PORTLAND, Ore. (KOIN) — A few dozen people took to the streets and sidewalks outside the Justice Center Sunday afternoon, their “Back the Blue” signs and paper hearts standing in stark contrast to the graffiti and debris around them.
“I know that officers aren’t perfect, but for the most part, you know, they’re here to protect us,” Audra Price said. “I’ve been to some of the rallies. I’ve seen how they’re treated and how …. they have to just stand there and take it.”
Price, whose father is a retired deputy, said that’s been hard for her to see. Now Price and other police supporters are trying to counteract that, using social media as a place to organize.

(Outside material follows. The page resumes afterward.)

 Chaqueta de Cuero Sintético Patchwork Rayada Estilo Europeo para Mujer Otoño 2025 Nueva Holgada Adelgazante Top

One pro-police group has gained more than 8,500 members in just three weeks.
“Watching what’s happening down here and how the cops aren’t allowed to do their jobs, and they have to put up with filthy names,” Lake Oswego resident Sally Hill said. “It’s just not right, so we’re trying to show the other side.”

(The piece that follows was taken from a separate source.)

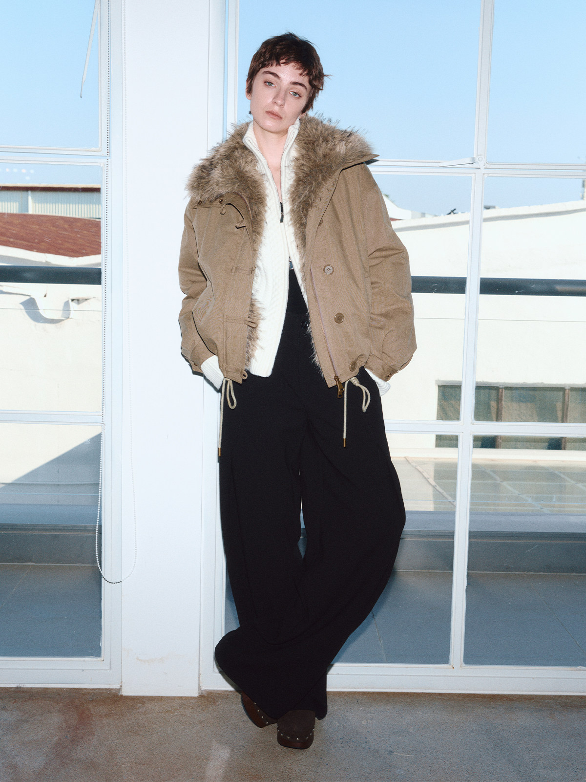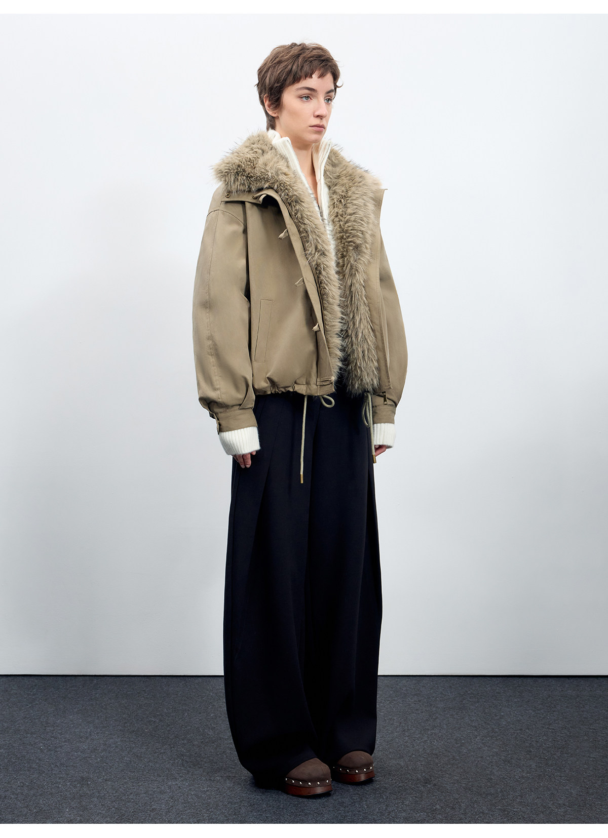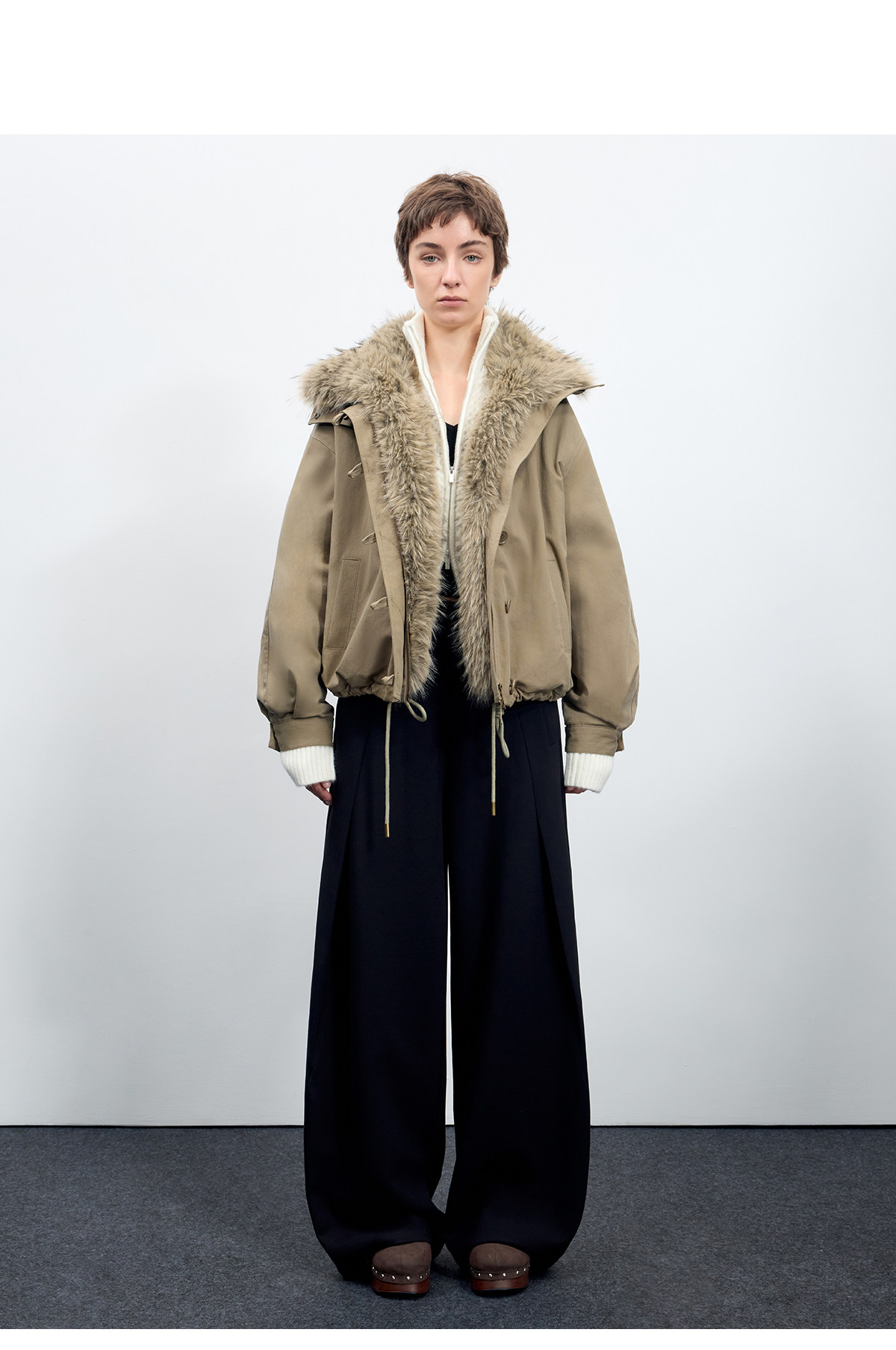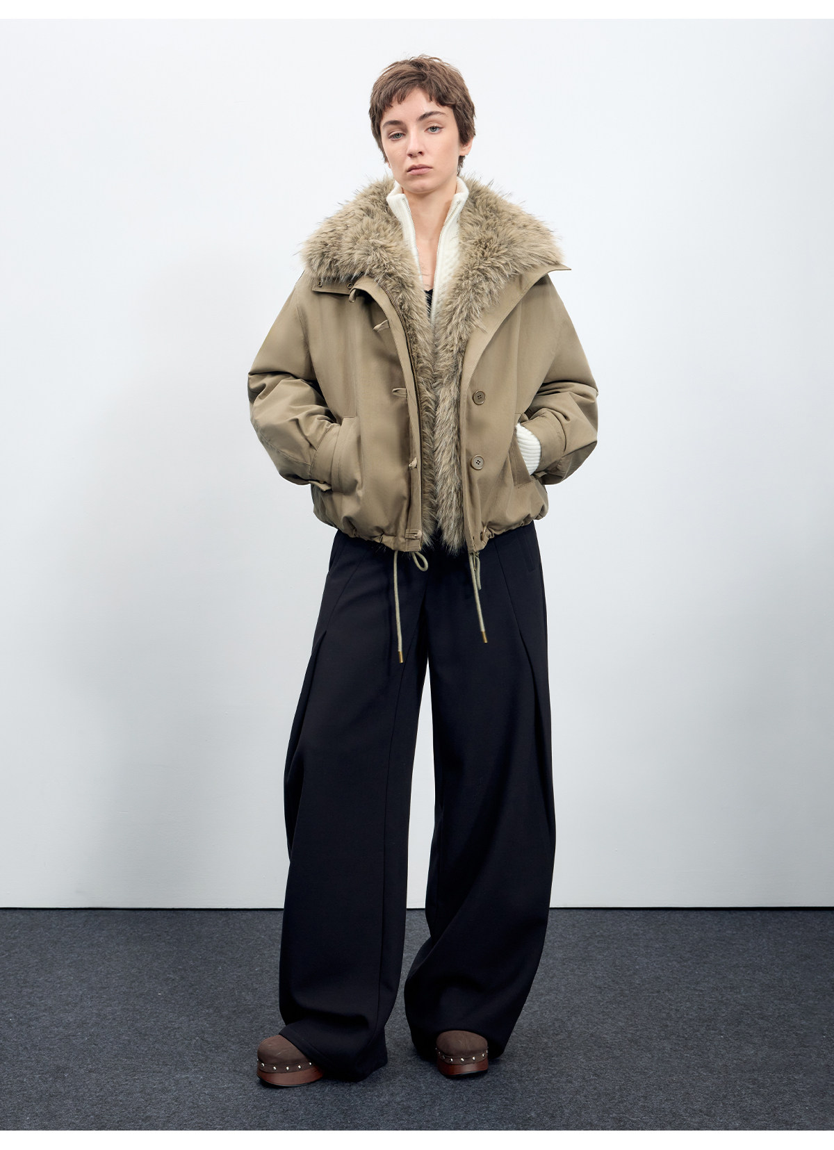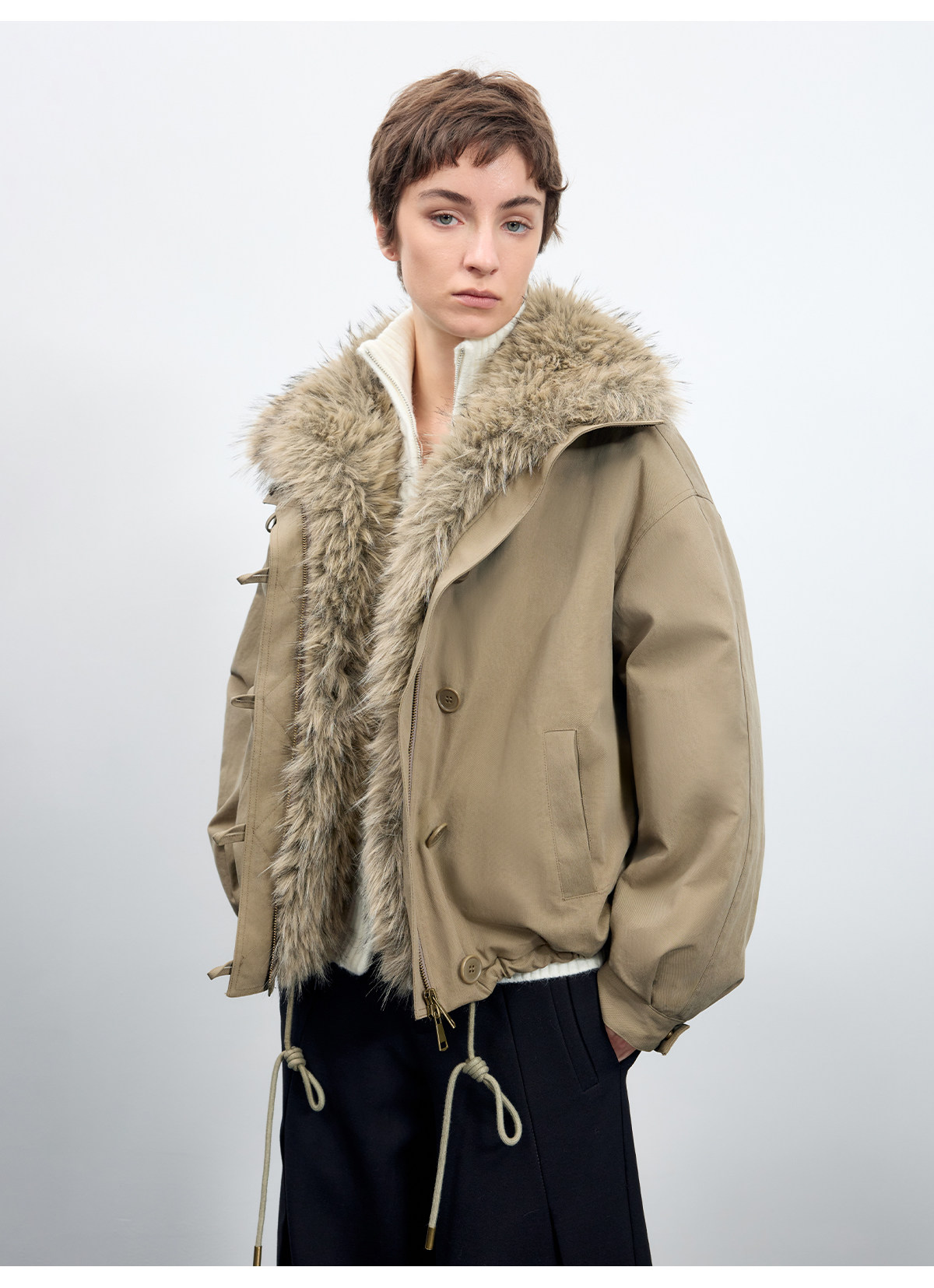 出逃赤岗西/25AWR020/复古可拆卸毛领廓形棉服

When asked why it’s taken so long for counter demonstrations to pop up, and why they’re so much smaller than the nightly protests downtown, many people cited the “silent majority.”
“They’re afraid to come out,” Hill said. “They’re not used to seeing things like this.”
“We wanted to let the other side have their voice, have their time, let them say what they want to say, and it’s getting to be too much,” Shelby Walman said. “There’s so much destruction. There’s so much hatred. It needs to stop.”
Several people confronted the group or shouted at them from cars or across the street. However, many of the police supporters acknowledged there is room for reform, and said they wished everyone could have that discussion in a calm way.
“Nobody likes bad cops,” Walman said. “We all want accountability. But we’re not being violent against it. We’re not yelling in people’s faces, we’re being polite. (Other protesters are) not being polite. You know, they’re throwing things at cops. I’m not throwing things at cops but I would support accountability.”
Within hours of the pro-police protests, most of the blue paper hearts with notes like “We love you” and “Keep fighting the good fight” had been ripped off the outer walls of the police building. A black-clad protester sprayed red paint over the pro-police messages Price’s daughter had written in chalk on the sidewalk.
A separate group congregated Sunday near the concrete fountain that used to hold the Chapman Square elk statue. Standing in front of the crumbled, scorched and graffiti-covered cement, Eric Post picked up the crumbled remains of an American Flag he had planted there the previous day.
“When it’s an American flag, in an American city, on Independence Day, and it only lasts 15 minutes before it’s destroyed is a sign that there’s incredible amounts of pain that we have to stop and pause all the violence in order to fix,” Post told KOIN 6 News after speaking to around 40 people, calling for civility and an end to the “madness.”
Eric Post raises an American flag where the bronze elk statue used to stand on July 4, 2020 (Eric Post) Eric Post holds the charred remains of the American flag on July 5, 2020 (Hannah Ray Lambert)
Post said he wants to talk to the peaceful protesters.
“I actually believe that racism is gross,’ he said. “I believe that police brutality, and oppression and abuse of any kind is 100% wrong. What I also believe is wrong is indiscriminately attacking police, is indiscriminately burning my city, our city … and I’m not alone.”
Angela Borland, who lives outside of Portland and was visiting the city Sunday for the first time since the protests started more than a month ago, agreed.
“A lot of people actually agree on a lot of the issues that are being talked about, but there’s so many emotions on both sides that nobody is being heard and no progress is being made,” Borland said.